5. Standard Operating Procedures (SOPs)¶
- How to Roll Back a Deployment:
# See the history of deployments kubectl rollout history deployment/auth-service -n production # Roll back to the previous version kubectl rollout undo deployment/auth-service -n production
6. How to Run Unit and Integration Tests¶
To run the unit and integration tests for the Auth Service, navigate to the src/services/auth-ts directory and execute the following commands:
cd src/services/auth-ts
npm install
npm test
This will execute all tests defined in the project and report the results.
7. How to Build and Deploy¶
Building the Auth Service¶
To build the Auth Service for production, navigate to the src/services/auth-ts directory and run:
cd src/services/auth-ts
npm install
npm run build
This will compile the TypeScript code into JavaScript and place the output in the dist directory.
Deploying the Auth Service¶
The Auth Service is containerized and deployed to Kubernetes.

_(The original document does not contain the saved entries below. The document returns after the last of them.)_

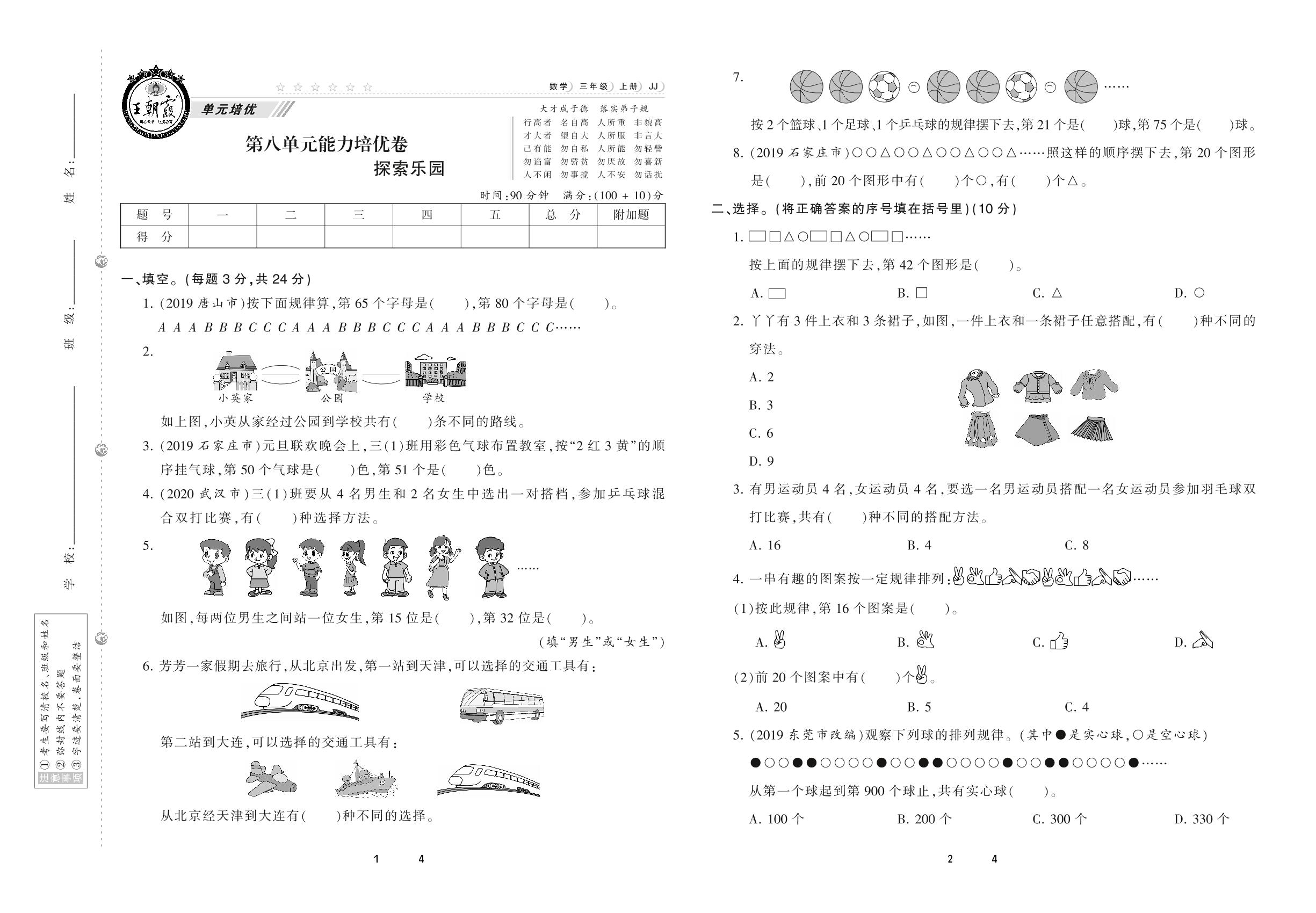 2020上册三年级数学冀教版 第八单元 能力培优卷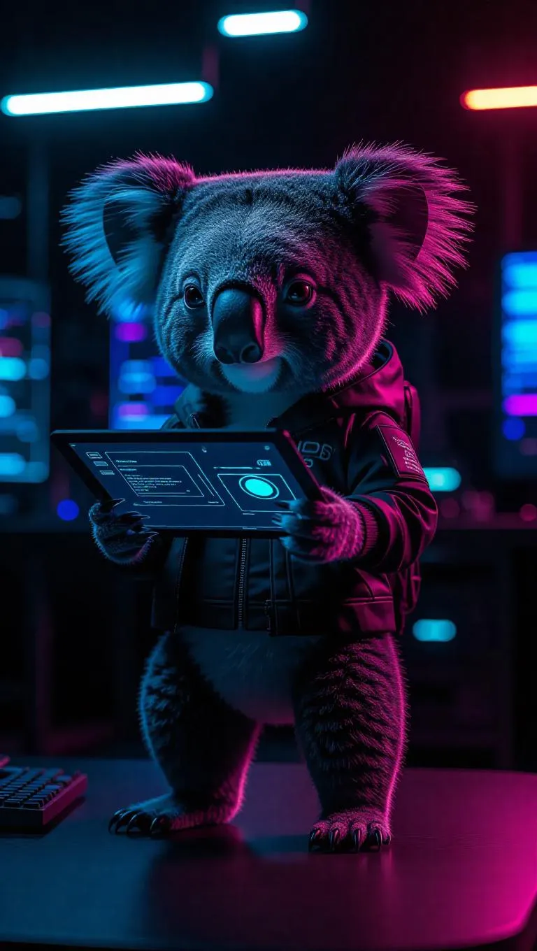 A 3D koala image wearing a graphic designer's futuristic outfit, standing upright on two legs like a human, holding a touchscreen device and interacting with a holographic display, surrounded by a modern workspace with LED lights and tech gadgets, exuding a high-tech and innovative atmosphere.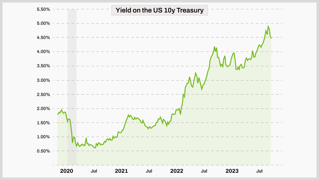 تمامی جهان شاهد افزایش شدید و بیسابقه بازده اوراق قرضه آمریکا در ماههای اخیر بودند. در ماه اکتبر نرخ بازده اوراق خزانهداری ۱۰ ساله ایالات متحده به مرز ۵ درصد نزدیک شد که در ۱۶ سال اخیر بیبدیل بوده است. واضح است، افزایش شدید در بازده اوراق خزانه ناشی از صعود سریع نرخهای بهره هدف فدرال رزرو بوده که در پاسخ به شوکها و پدیدههای نامطلوب بازار است. اما آنچه مشاهده شد چیزی بیش از تجلی فراز و نشیبهای بازار نابسامان است.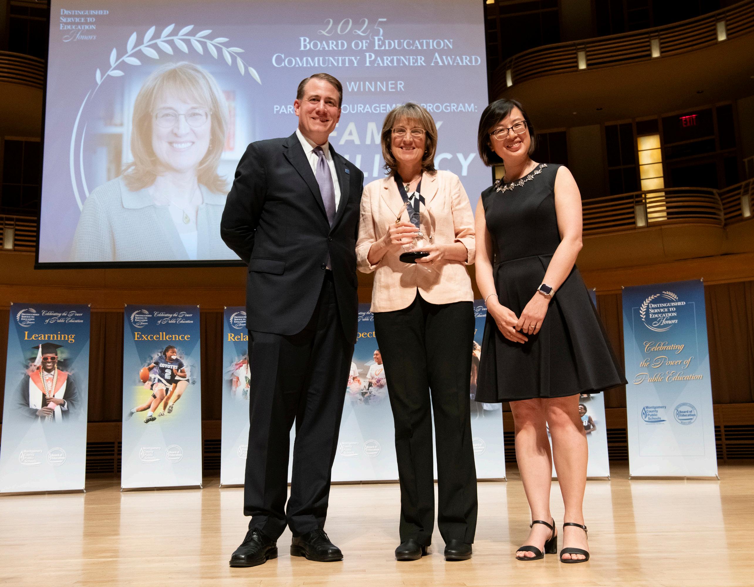 PEP Executive Director Kathy Hedge (pictured with Superintendent Thomas Taylor and Board of Education President Julie Yang) accepted the award, recognizing PEP’s lasting impact on the educational experience within Montgomery County.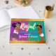 African American Princess with adorable Afro puff ponytails wearing diamond tiara alongside an Adorable African Prince with gold crown, white diaper and blue slippers. Purple and Teal colour block background with a touch of Gold confetti and Gold foil border. ©2022 Miss Sassy Party Designs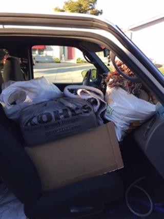 Twenty-four hours later, I was close to the fifty-blanket mark I'd been hoping for. People dropped off bags and boxes of blankets on my porch. A few commented their space numbers, and Thomas and I took a happy drive around the park, picking up blankets and also receiving a hug and a helping hand. (I was struggling with a huge box of blankets and a new resident happened to be walking by. "Do you need help with that?" she called. I had no idea who she was; we'd never met. Now I know her name is Carla and she is very kind.) In two days, we managed to fill the bed and passenger seat of Cloud (my truck) with blankets.

Manual Deployment (for emergencies or specific environments):
- Ensure the service is built (see "Building the Auth Service" above).
- Build the Docker image:
docker build -t your-registry/auth-service:latest . docker push your-registry/auth-service:latest - Apply the Kubernetes manifests:
kubectl apply -f k8s/auth-service-deployment.yaml kubectl apply -f k8s/auth-service-service.yaml
For automated deployments, refer to the CI/CD pipelines (e.g., services-ci.yml in .github/workflows).